31 jan 2008 kl. 23.37 skrev Steve Rowe:
Karl, can you elaborate on what you think is wrong with Weka's
instances implementation?
I used the word bloated but really meant that it was written to fit
everything. Never heard of anyone acutally doing it, but Instances
could potenitally be extended and tailor fitted. It is quite the
static solution:
<<creates>>
[Instances]<#>------>[FastVector]<- - - - - -[ARFFReader]
FastVector actally loads all data to memory. It's pretty fast, but not
that optimal for all environments and data sets. I would rather see
file persistency combined with some transparent cache and index.

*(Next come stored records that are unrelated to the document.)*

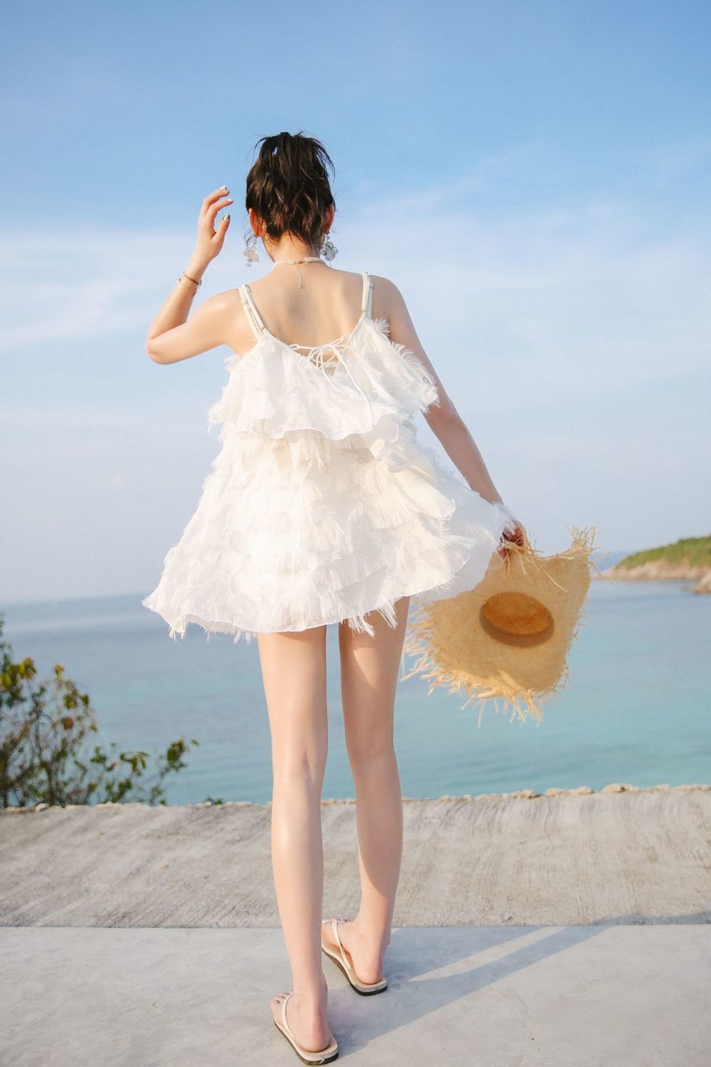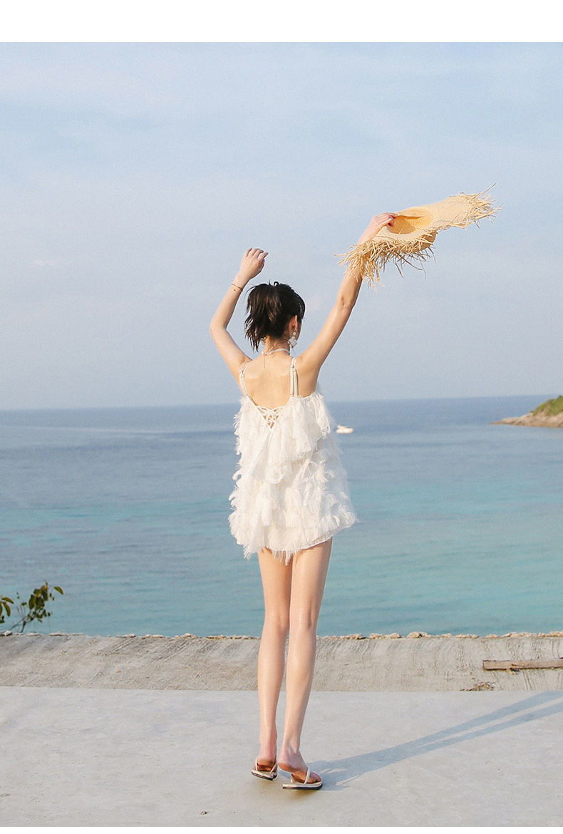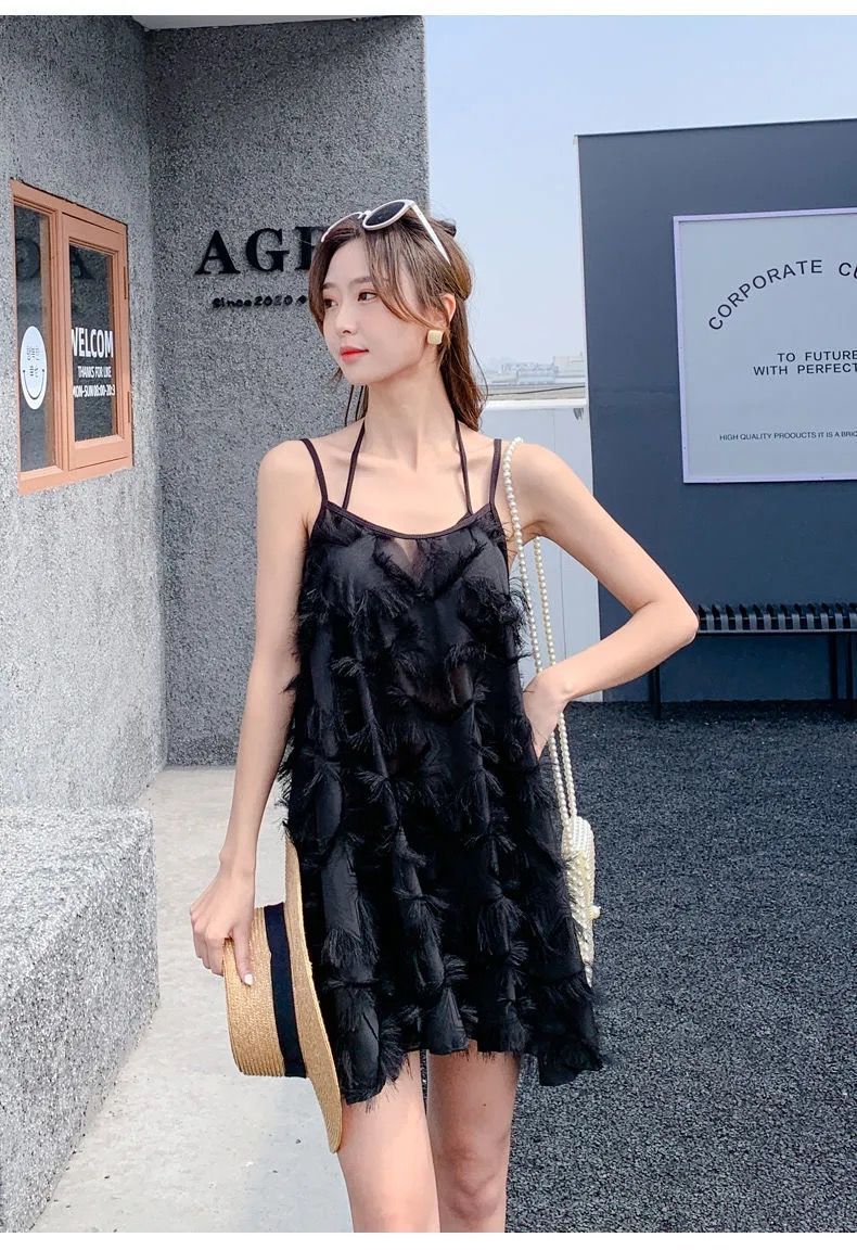 잉잉 수영복 2021 새로운 한국 스타일 Ins 여성 여름 슈퍼 요정 깃털 보수적 인 고기 커버 비치 수영복 메쉬 잉케스토어 가기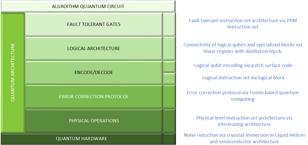 Error correction and fault-tolerance are areas of intensive development for quantum computing right now. These areas are necessary to get a quantum computer into production. Different companies are developing different approaches to this design challenge. Each company is developing their own quantum computer hardware/software protocol stack. I have adopted PsiQuantum, Naomi Nickerson’s Quantum Computer Hardware/Software Protocol stack as a workable architecture to discuss this rapidly developing area. I expect this protocol stack will evolve as the developers begin to bring down their QC error rates.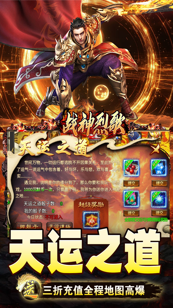 1、每日登录送300代币,礼包充值统统支持,超值福利领不停! 2、充值比例1:100,全场充值打3折,白嫖免费会员! 3、强者之路特色专属剧情,探索剧情有惊喜给你超爽体验! 4、卡牌竞速给你不一样的新鲜,杀怪有奖让你无限抽奖获奖励! 5、每日送300代币,全部白嫖,专属沉默,一切靠打,好玩不累! 6、跨服巴沙克,征战沙城,天运之道,道法自然,阴阳不止,生生不息!
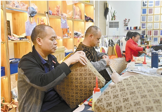 广西宾阳县有着悠久的壮锦生产历史。近年来,该县在传统壮锦生产的基础上,积极推动壮锦文创产业发展,拓宽了当地劳动就业渠道。图为12月17日,在广西宾阳壮锦文创馆,工人制作壮锦文创产品。 新华社记者 陆波岸 摄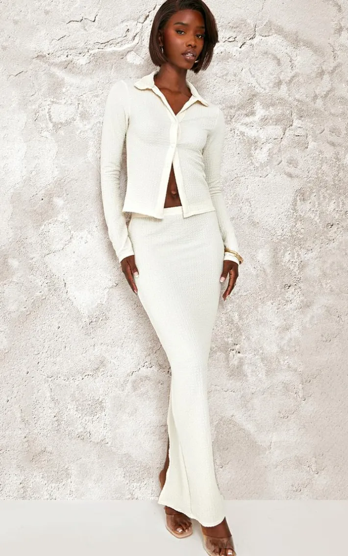 Set major trends this season with this tall cream textured button maxi skirt. Brought to you in a cream textured material with a button fastening, what more could you want? Its maxi length will have you feeling effortlessly chic all season long. Team with your fave accessories and a pair of heels for a fool proof finish we are loving.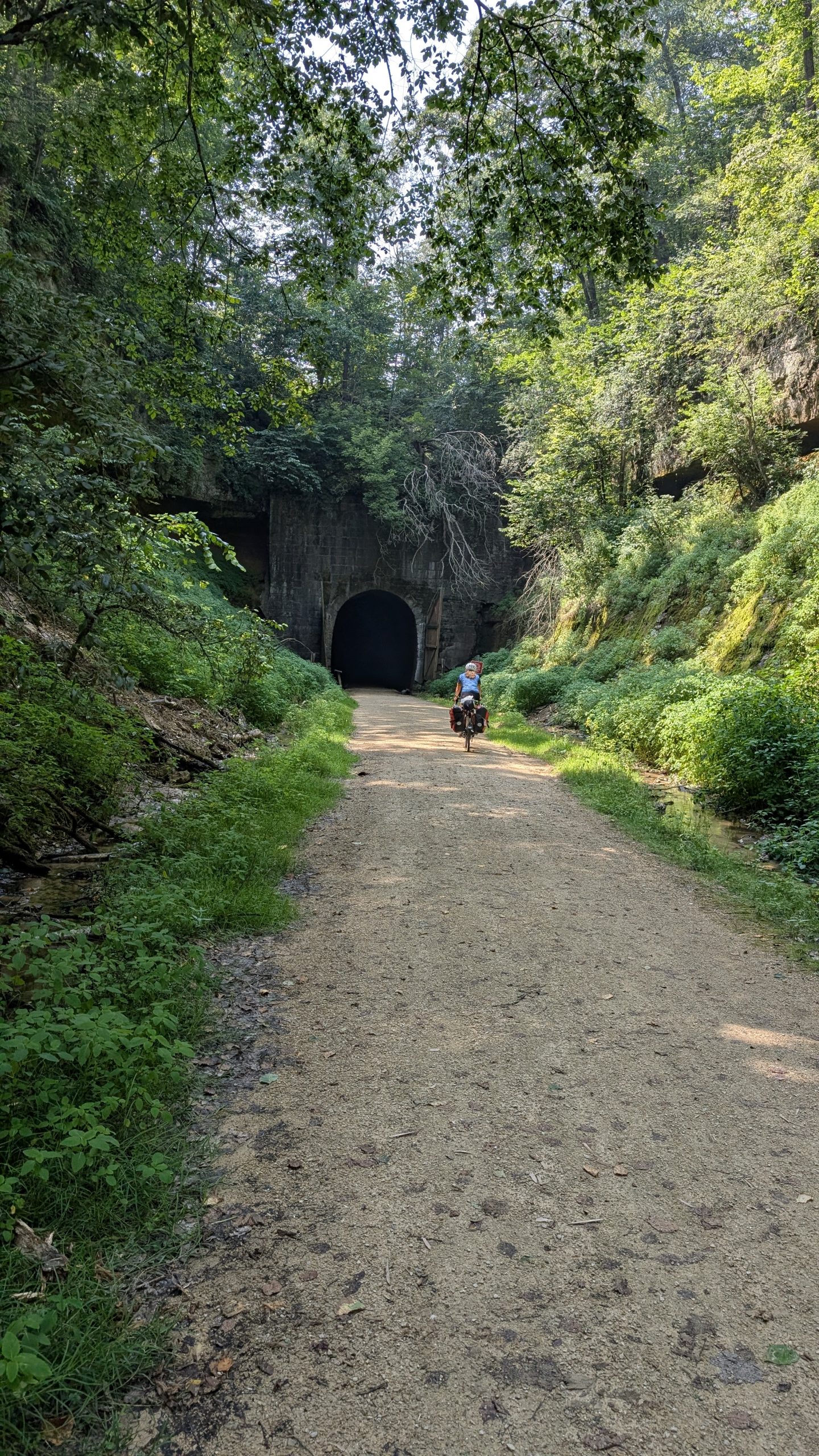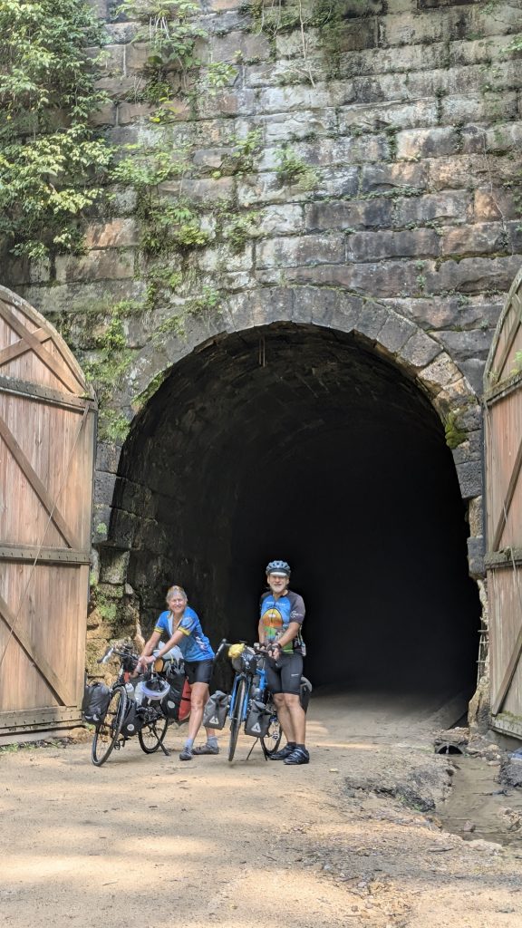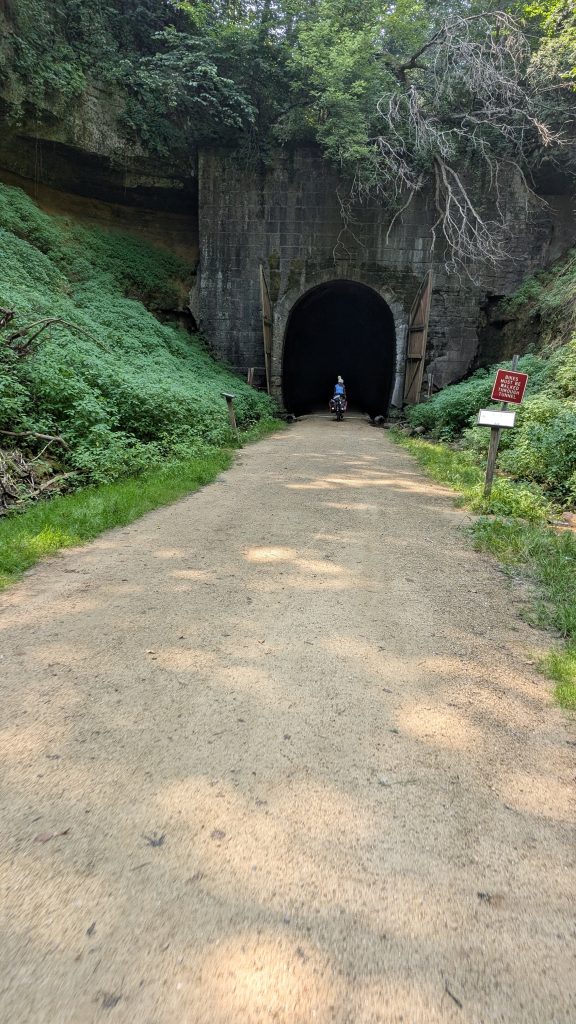 But before all that fun, we had a good, early, start with breakfast in the hotel, and only about a mile to cover to get to the trail. The trail itself was a nice hard-packed surface (stone/sand/dirt) and dry considering the rains of yesterday. Trails are great, but they do get monotonous after a while and Dana wanted to get on the highway that paralleled the trail. At least for a while. The trail had three tunnels, and when the first was coming up, I caught up to Dana on the road and pointed out that the trail was to our left and there was a big hill coming up.

I think Ted hits the nail on the head when he write:
The way that Colt does (most of) this is to use a higher-order
API. Most
users I have talked to were completely confused by this. I think
the right
answer is to require a small set of primitives for each
implementation and
inherit nice API much like AbstractMap provides lots of sugar over
a spartan
Map implementation.
Wich is pretty much what I ment when I wrote:
We should talk about a unison data access API. No need for
something fancy or speedy from the start, a seekable record reader
might be enough for now. Lots of abstract layers to allow people
adding support methods and use of any data source with optional
levels of access optimization. An ARFF, an inverted index or what
ever fits best with the algortihm you are about to pass the data to.
In some cases a direct link to the data source can make sense. All I
need in for Baysian classification is the class feature frequency.
That could for instance be pulled straight out of a Lucene index
reader, like this: <http://issues.apache.org/jira/browse/LUCENE-1039>.
karl